Pearson correlations were computed for these 303 antibodies between fresh frozen and FFPE samples. Multiple testing correction for the significance of correlation scores was performed with the Benjamini–Hochberg (BH) method. Of the 303 antibodies, 121 showed a significant correlation (p-BH < 0.05), corresponding to 128 of 407 detected signals. In the cases in which more than one signal was detected for a given antibody, only the signal with the highest correlation factor was retained for further analysis.

Among these 121 antibodies, 12 were excluded because the detected signal shifted over 20% of the expected molecular weight of the antibody, another five antibodies were discarded because the peaks were not clearly identifiable, and two antibodies were excluded due to limited availability or redundancy.

In total, 102 of 634 antibodies (Supplementary Table 1) resulted in clear peaks at the expected molecular weights (±20%) and showed a significant correlation between the DigiWest signals detected in fresh frozen and FFPE samples. These 102 antibodies were subsequently used for cancer classification.
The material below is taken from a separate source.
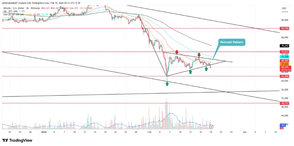 The crypto market slipped further on Wednesday, February 18th, as geopolitical tension and macroeconomic uncertainty triggered a risk off sentiment. The pioneer cryptocurrency, $BTC, plunged roughly 2% in the last 24-hours to currently trade at $66,238. The falling Bitcoin price sparks a bearish breakdown from the key support of the bearish pennant pattern, suggesting a risk of continued correction in the market. The declining network activity further accentuates that the coin price is far from establishing a stable bottom support.

Furthermore, DigiWest analysis in the independent validation cohort of 25 FFPE samples was also conducted with these 102 antibodies.

Statistical analysis, classification, and data visualization

The analysis of processed DigiWest data was performed using the statistical programming language R [40] including the packages gplots, kernlab, e1071, and caret [41,42,43,44]. The data were transformed into log2 scale, and Pearson correlation coefficient was applied for the analysis between log2 expression values in fresh frozen and FFPE samples. The significance of correlation was assessed with the R-function cor.test. Heatmaps were generated based on the average-linkage method and Pearson correlation coefficient as similarity measure.
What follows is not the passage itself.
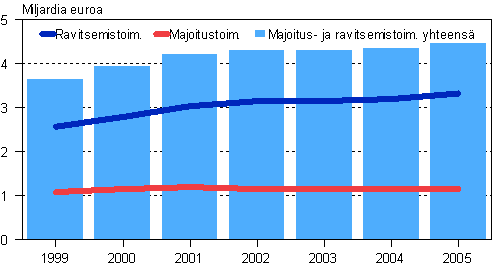 Majoitus- ja ravitsemistoiminnassa oli 10 200 yritystä vuonna 2005. Yritysten lukumäärä kasvoi noin 200 yrityksellä ja henkilöstö 600 henkilöllä. Liikevaihtoa kertyi 124 miljoonaa euroa edellisvuotista enemmän. Yritysten yhteenlaskettu liikevaihto kohosi 4,5 miljardiin euroon ja ne työllistivät 49 200 henkilöä. Jalostusarvoa majoitus- ja ravitsemistoiminnassa kertyi 1,7 miljardia euroa, kasvu edellisestä vuodesta oli 40 miljoonaa euroa. Henkilöä kohden laskettuna jalostusarvoa kertyi 34 000 euroa.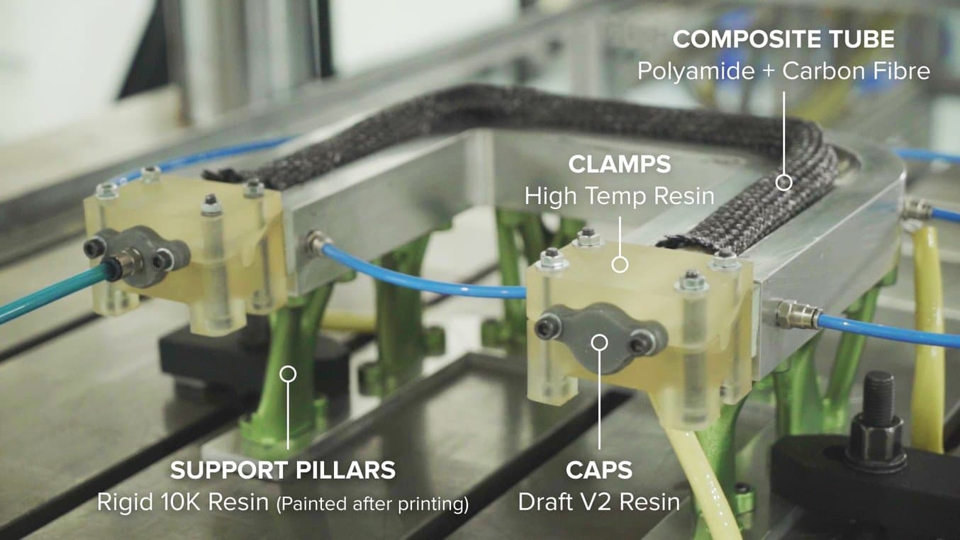 One recent example is a tool that the team developed to manufacture composite tubes. They used Rigid 10K Resin to produce the support pillars of the rig that required high stiffness, High Temp Resin to produce the clamps that needed to withstand high temperature and air pressure, and Draft Resin to quickly produce end caps for the tool.

Radial basis function kernel support vector machines (SVM) were used as tumor classifiers. The model for the paired set was tuned and evaluated using nested cross-validation [45] with fivefold outer and fourfold inner cross-validation, repeated ten and five times, respectively. This ensures that no information from the validation samples was used for model selection at any point. The tuning parameters were chosen between C = 10{0,1,2,3} and σ = 0.01 × 10{−3,−2,…,3}. The classifier used on the independent validation set was trained on the 25 FFPE samples from the paired set using fivefold cross-validation (ten repeats) and the same tuning parameters. The optimal parameters were σ = 0.0001 and C = 100. The SVM classifiers were compared with a random forest classifier, which yielded inferior classification accuracy for these prediction tasks.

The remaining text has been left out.